* TASK REQUIREMENTS
Under this line are the records; repeat exactly the lines starting at the one containing "Apartamento de 4" and ending at the one containing "Das großzügige, helle", omitting pictures.

* GIVEN DATA
====

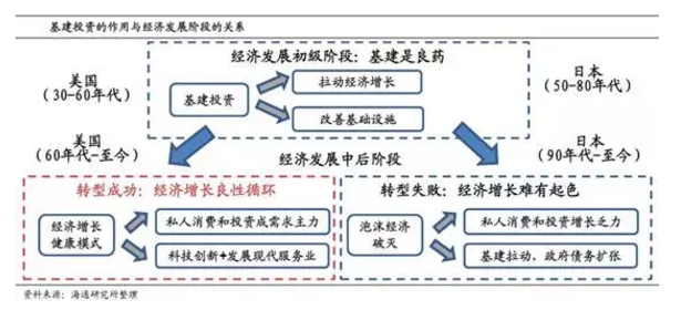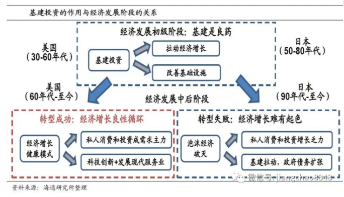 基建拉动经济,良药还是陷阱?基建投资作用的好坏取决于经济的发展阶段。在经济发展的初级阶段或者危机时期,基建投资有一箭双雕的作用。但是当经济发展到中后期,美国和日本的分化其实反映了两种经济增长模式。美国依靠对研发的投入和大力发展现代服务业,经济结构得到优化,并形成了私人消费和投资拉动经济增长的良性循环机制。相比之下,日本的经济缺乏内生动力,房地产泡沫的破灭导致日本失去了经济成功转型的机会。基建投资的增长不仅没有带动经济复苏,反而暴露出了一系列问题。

====

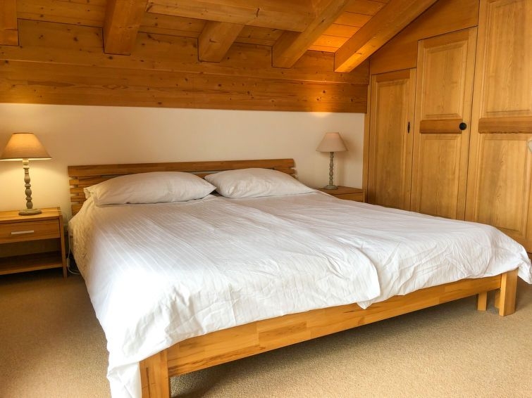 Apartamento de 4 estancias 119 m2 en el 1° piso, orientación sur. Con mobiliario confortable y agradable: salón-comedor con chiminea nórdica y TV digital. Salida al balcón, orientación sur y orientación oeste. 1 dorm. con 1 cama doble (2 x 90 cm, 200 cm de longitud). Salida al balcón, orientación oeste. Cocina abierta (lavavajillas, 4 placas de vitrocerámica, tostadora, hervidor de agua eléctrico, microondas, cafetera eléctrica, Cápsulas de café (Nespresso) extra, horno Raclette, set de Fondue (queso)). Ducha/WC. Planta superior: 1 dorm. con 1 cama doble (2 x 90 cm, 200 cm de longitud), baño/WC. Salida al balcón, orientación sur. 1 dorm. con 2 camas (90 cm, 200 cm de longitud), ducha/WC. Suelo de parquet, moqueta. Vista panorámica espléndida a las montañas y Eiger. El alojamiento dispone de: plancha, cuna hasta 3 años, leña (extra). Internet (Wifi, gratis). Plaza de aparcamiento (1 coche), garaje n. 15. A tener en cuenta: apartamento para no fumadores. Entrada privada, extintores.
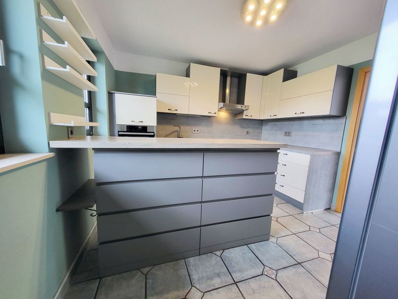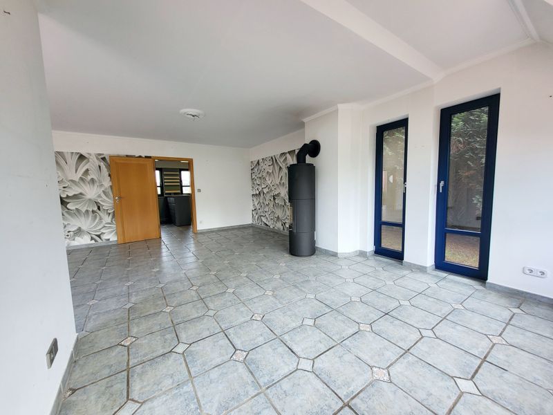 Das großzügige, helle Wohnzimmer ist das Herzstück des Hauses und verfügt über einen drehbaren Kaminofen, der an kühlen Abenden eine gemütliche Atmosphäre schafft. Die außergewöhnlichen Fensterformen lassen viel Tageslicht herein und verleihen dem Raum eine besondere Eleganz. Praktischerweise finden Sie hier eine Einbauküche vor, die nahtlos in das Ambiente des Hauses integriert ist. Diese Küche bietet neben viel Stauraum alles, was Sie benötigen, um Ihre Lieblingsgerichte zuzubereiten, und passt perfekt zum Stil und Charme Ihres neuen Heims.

====

* YOUR SOLUTION
 Apartamento de 4 estancias 119 m2 en el 1° piso, orientación sur. Con mobiliario confortable y agradable: salón-comedor con chiminea nórdica y TV digital. Salida al balcón, orientación sur y orientación oeste. 1 dorm. con 1 cama doble (2 x 90 cm, 200 cm de longitud). Salida al balcón, orientación oeste. Cocina abierta (lavavajillas, 4 placas de vitrocerámica, tostadora, hervidor de agua eléctrico, microondas, cafetera eléctrica, Cápsulas de café (Nespresso) extra, horno Raclette, set de Fondue (queso)). Ducha/WC. Planta superior: 1 dorm. con 1 cama doble (2 x 90 cm, 200 cm de longitud), baño/WC. Salida al balcón, orientación sur. 1 dorm. con 2 camas (90 cm, 200 cm de longitud), ducha/WC. Suelo de parquet, moqueta. Vista panorámica espléndida a las montañas y Eiger. El alojamiento dispone de: plancha, cuna hasta 3 años, leña (extra). Internet (Wifi, gratis). Plaza de aparcamiento (1 coche), garaje n. 15. A tener en cuenta: apartamento para no fumadores. Entrada privada, extintores.
 Das großzügige, helle Wohnzimmer ist das Herzstück des Hauses und verfügt über einen drehbaren Kaminofen, der an kühlen Abenden eine gemütliche Atmosphäre schafft. Die außergewöhnlichen Fensterformen lassen viel Tageslicht herein und verleihen dem Raum eine besondere Eleganz. Praktischerweise finden Sie hier eine Einbauküche vor, die nahtlos in das Ambiente des Hauses integriert ist. Diese Küche bietet neben viel Stauraum alles, was Sie benötigen, um Ihre Lieblingsgerichte zuzubereiten, und passt perfekt zum Stil und Charme Ihres neuen Heims.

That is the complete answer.